Nicole looks at the name tag and laughs. “I swear, IKEA just smashes keys at this point when naming things.” She looks at Dalisay again, sees the indecision written all over her face, and slaps her hands to her sides and groans. “Oh, come on, Dalisay! It’s just a bookcase! Pick one!”
“I can’t just ‘pick one.’ It has to feel right.”
“I’m going to strangle you.”
Dalisay could remind her that it was her choice to tag along to Emeryville, but Dalisay is more grateful for the company than annoyed, though she wouldn’t share that with Nicole. It comes with the territory of being sisters.
But Nicole doesn’t understand. Nicole’s bookshelf is a rickety one they found in someone’s garbage, Dalisay noted at the time, for a reason. It’s barely holding together. One stiff breeze could knock it over. Dalisay wishes she could be as chill about anything as Nicole is.
“It’s not like you’re making a life-or-death decision,” Nicole says.
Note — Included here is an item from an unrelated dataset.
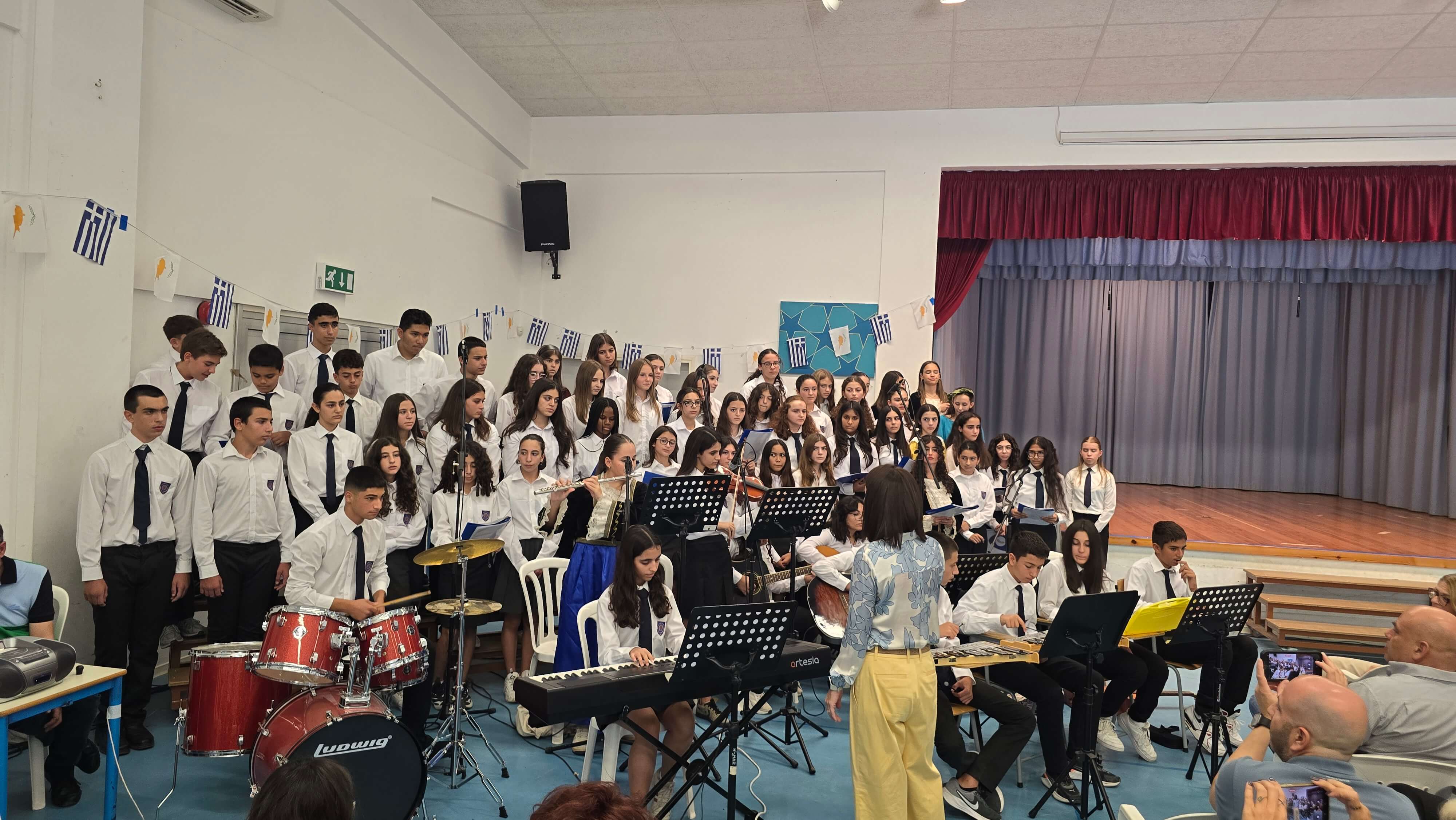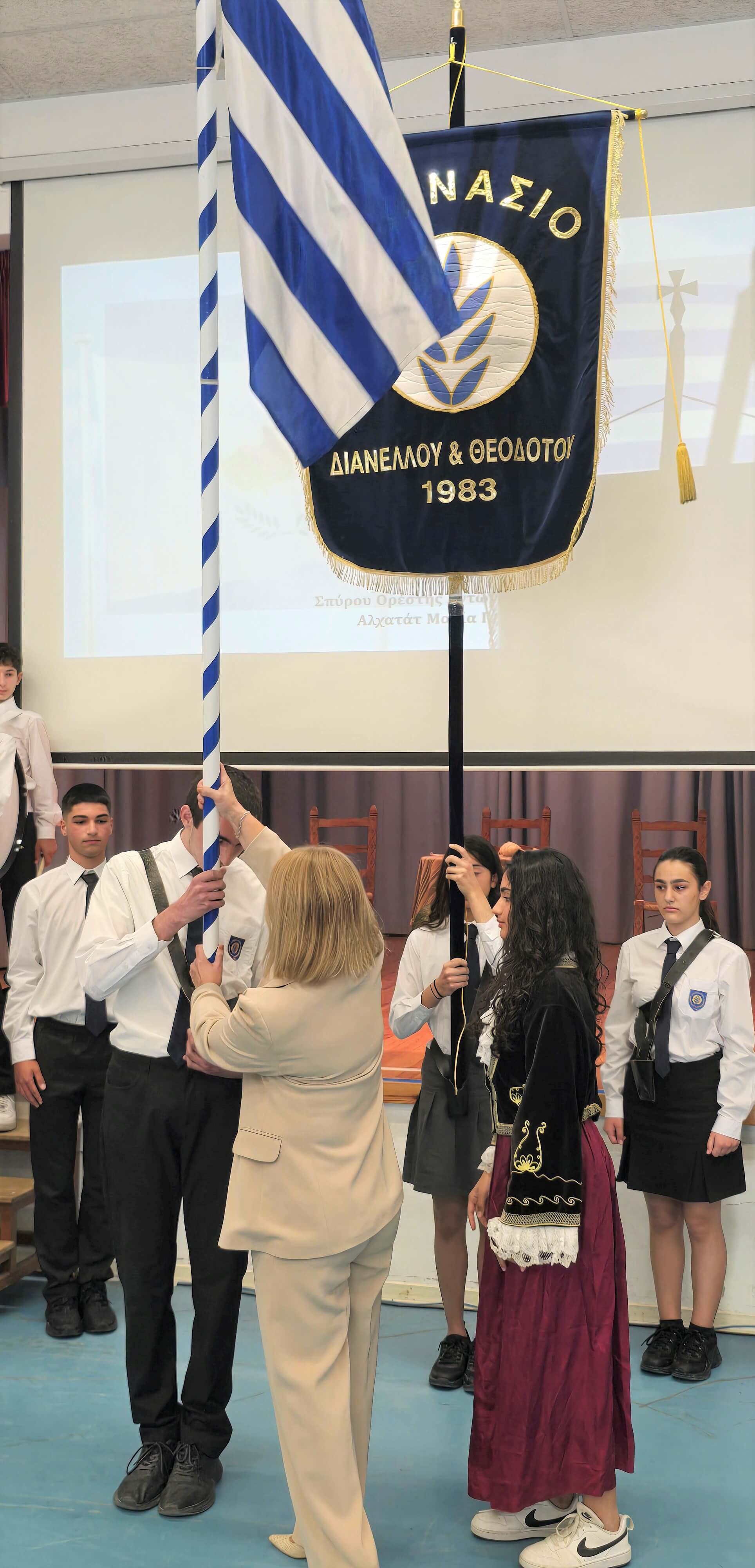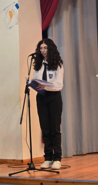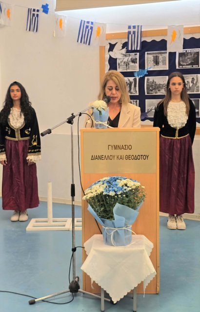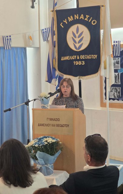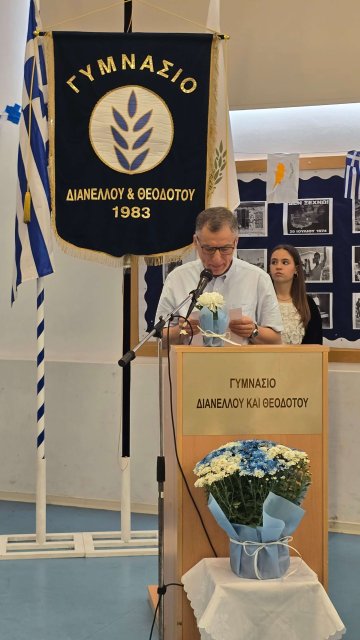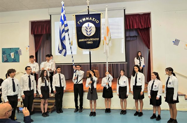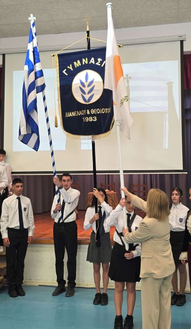 Τη Δευτέρα, 27 Οκτωβρίου 2025, πραγματοποιήθηκε με επισημότητα η Εορτή της Σημαίας, κατά την οποία ανακηρύχθηκαν οι Σημαιοφόροι και οι Παραστάτες του Γυμνασίου Διανέλλου και Θεοδότου. Ακολούθως, τιμήσαμε την Εθνική Επέτειο της 28ης Οκτωβρίου 1940, όταν η Ελλάδα όρθωσε το αγέρωχο «Όχι» απέναντι στην Ιταλία και εισήλθε στον Β΄Παγκόσμιο Πόλεμο πανηγυρίζοντας ωσάν να είχε ήδη νικήσει. Η ένδοξη αυτή επέτειος μας θυμίζει τον ηρωισμό που χρειάζεται η υπεράσπιση της εθνικής μας αξιοπρέπειας σε κάθε ιστορική περίσταση. Οι μαθητές και οι μαθήτριες ανέλαβαν την παρουσίαση ενός Ιστορικού Χρονικού με ντοκουμέντα, ποίηση, μουσική, χορό και θέατρο για τον πόλεμο του ΄40, την κατοχή στην Ελλάδα και τη συμβολή Κυπρίων στον Β΄ Παγκόσμιο Πόλεμο. Την εκδήλωση διοργάνωσαν οι Φιλόλογοι Αλεξία Αλεξάνδρου και Νίκη Χριστοδούλου.

“I don’t want to regret it later.”
“It’s. A. Book. Case.” Nicole claps with every syllable. It’s always been this way between the two of them, Dalisay the one to take her time making decisions while Nicole tries to shake some sense into her. Growing up, Nicole was the one to fling herself headfirst into the metaphorical pool that is life, while Dalisay dipped her toe into the shallow end to see if the water was too warm or too cold and then decided to read under a tree if it wasn’t just right.
She’s careful and considerate, personality traits that seem to be a never-ending topic weaponized against her. She’s the good girl, the one who never steps out of line, who does as she’s told. Which is why it was satisfying as hell to reject that American guy on her first day at the new job. She’d meant to tell Nicole earlier, to see if the doctors and nurses at her hospital were as forward as apparently travel writers are.
“So yesterday at work, this hot American dude asked me out,” Dalisay says, as she slides her hand across the smooth wood. “We had literally just met.”
Nicole’s eyes go wide, desperate for a change in subject from IKEA furniture. “And?”